The performance of the REDD+ program, Reducing Emissions from Deforestation and Forest Degradation, has been put under the spotlight recently.
It’s celebrity is not only for its progress in reducing deforestation, but also because of the challenges the program faces in ensuring that its benefits are distributed equitably, effectively, and efficiently.
At a special session of the 2015 Global Landscapes Forum, held in Paris alongside UNFCCC COP21 climate negotiations, two REDD+ specialists currently active in the implementation and research of REDD+ in Cameroon shared their insights.
Setting the scene: Cameroon’s landscape tenure mosaic
Emmanuel Nuesiri, a Professor at the University of Illinois, explained that, since the 19th century, Cameroon has had a tumultuous history of land ownership, which persists to this day.
Now, especially in the fertile, resource-rich area around Mount Cameroon, the land is under a complex mosaic of different tenure rights and arrangements. This makes it increasingly difficult for initiatives to successfully form a suitable mechanism that identifies who should be entitled to benefit from REDD+ projects, and how benefits should be allocated.
The enabling conditions: Land tenure rights or land tenure arrangements?
In REDD+ talks, land rights and tenure have been hotly debated: establishing a consistent framework is a crucial hurdle for ensuring a successful distribution of benefits.
However, Peter Akong Minang, Global Coordinator at the Partnership for the Tropical Forest Margins (ASB) and the World Agroforestry Centre, does not currently see a critical turning point for the implementation of REDD+ projects. The process of establishing land tenure rights in countries like Cameroon is wrought with difficulties, he says. So rather than solely focusing on giving individual stakeholders their rights, Minang argues, one should ascertain that sustainable land tenure arrangements are in place so that the people who are directly involved in managing forests do receive the carbon benefits.

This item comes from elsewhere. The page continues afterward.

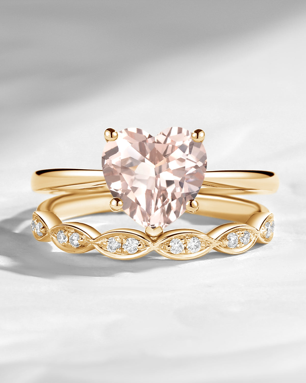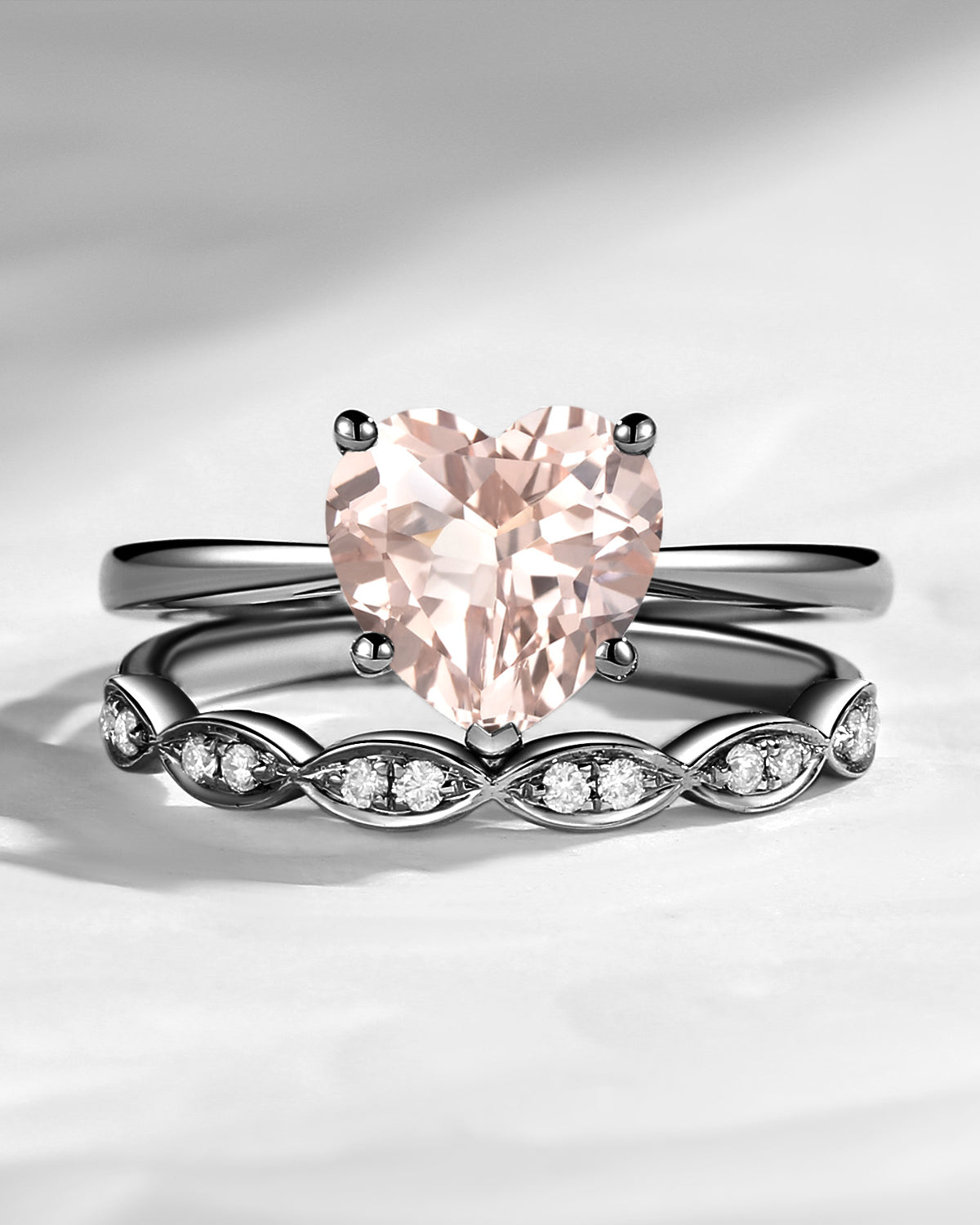 Unique Heart Shaped Solitare Morganite Engagement Ring 2pcs Set

“We need to move the debate from formal tenure rights, to tenure arrangements – land, tree, carbon, product rights,” said Minang. “If we only wait to get complete formal ownership to land, we may never start action on REDD+ in many places. We need to find the right tenure arrangements configuration to enable a start, and then sort out the other suite of rights progressively.”

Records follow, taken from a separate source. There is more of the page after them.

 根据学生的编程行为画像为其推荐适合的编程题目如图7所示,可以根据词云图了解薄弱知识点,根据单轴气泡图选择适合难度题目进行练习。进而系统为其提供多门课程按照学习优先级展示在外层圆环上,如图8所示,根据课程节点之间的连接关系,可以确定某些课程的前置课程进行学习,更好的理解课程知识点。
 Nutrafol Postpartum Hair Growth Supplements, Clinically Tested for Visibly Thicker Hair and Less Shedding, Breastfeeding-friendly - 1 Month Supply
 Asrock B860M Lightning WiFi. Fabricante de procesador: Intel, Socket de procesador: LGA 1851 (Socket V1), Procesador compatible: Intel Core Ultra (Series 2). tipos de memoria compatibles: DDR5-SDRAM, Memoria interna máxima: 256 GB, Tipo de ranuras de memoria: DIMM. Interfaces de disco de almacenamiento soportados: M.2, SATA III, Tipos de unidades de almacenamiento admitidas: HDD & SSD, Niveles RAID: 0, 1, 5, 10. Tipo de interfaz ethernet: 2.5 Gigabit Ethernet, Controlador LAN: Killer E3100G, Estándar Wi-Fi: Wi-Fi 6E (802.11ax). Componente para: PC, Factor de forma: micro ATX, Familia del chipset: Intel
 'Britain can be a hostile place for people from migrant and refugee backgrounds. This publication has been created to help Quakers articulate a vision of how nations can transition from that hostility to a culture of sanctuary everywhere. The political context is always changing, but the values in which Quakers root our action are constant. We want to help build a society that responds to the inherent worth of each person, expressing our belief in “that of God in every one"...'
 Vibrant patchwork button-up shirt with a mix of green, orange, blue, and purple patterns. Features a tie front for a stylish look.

According to Minang, land tenure is not just a means for successful REDD+ outcomes to work, but also an end in itself.
REDD+ benefit distribution mechanism: How should it be designed?
One idea Nuesiri brought forward was to look at structures of compensation in other sectors in Cameroon.

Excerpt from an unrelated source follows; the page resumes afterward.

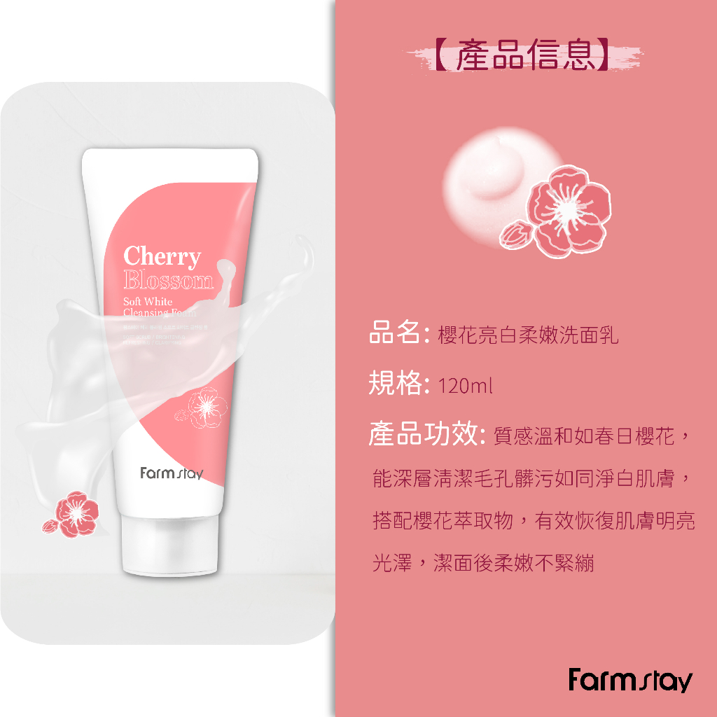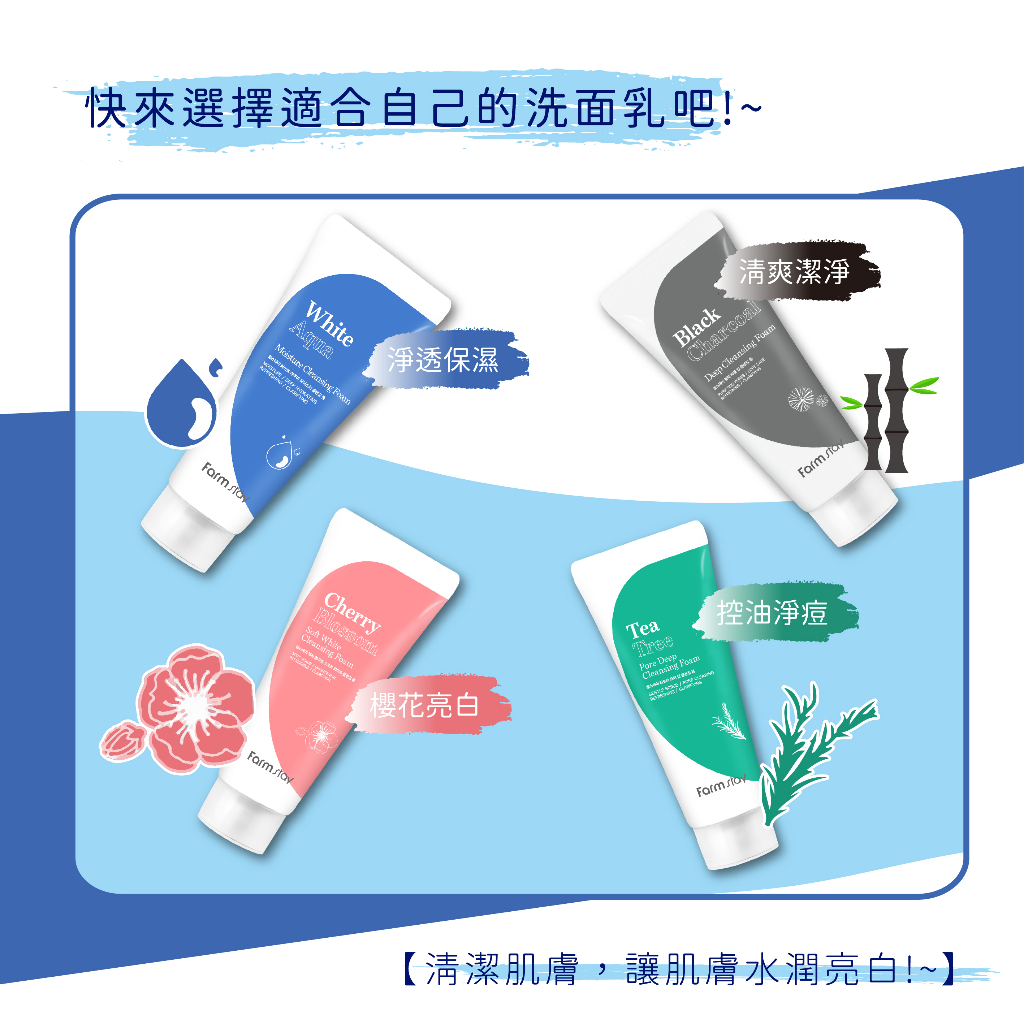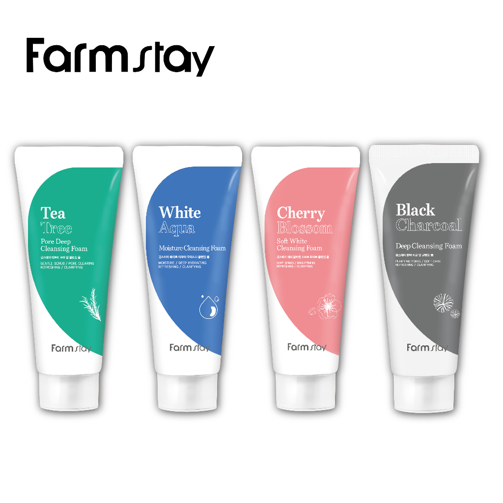 Farmstay 洗面乳120ml (多款任選) 韓國韓妝櫻花亮白柔嫩|極潤淨透保濕|茶樹控油淨痘|竹炭清爽潔淨Facial CleanserBeauty box 美麗百寶箱

“There is a timber fiscal compensation that is being used… and we can draw out some aspects of this mechanism and apply it in the context of REDD+. A further advantage of looking at established mechanisms is that there is an existing compensation structure in place so people are already familiar with the process.”
The panel on the policy and practical successes of REDD+ at the Global Landscapes Forum, also discussed the current frameworks for implementing a benefit sharing mechanism.
William Sunderlin, a principal scientist at the Center for International Forestry Research (CIFOR), highlighted the importance of having a performance-based benefit-sharing mechanism. This is the idea that people should be compensated based on their direct involvement in preserving forests.
One other fundamental element that needs to be addressed is the robustness and adaptability of mechanisms. “There is no mechanism put in place [which] will have no drawbacks. The key is to use an adaptive management approach,” said Nuesiri. “You need to have a system that evaluates at regular intervals. Make sure that lessons learnt feed back into management processes.”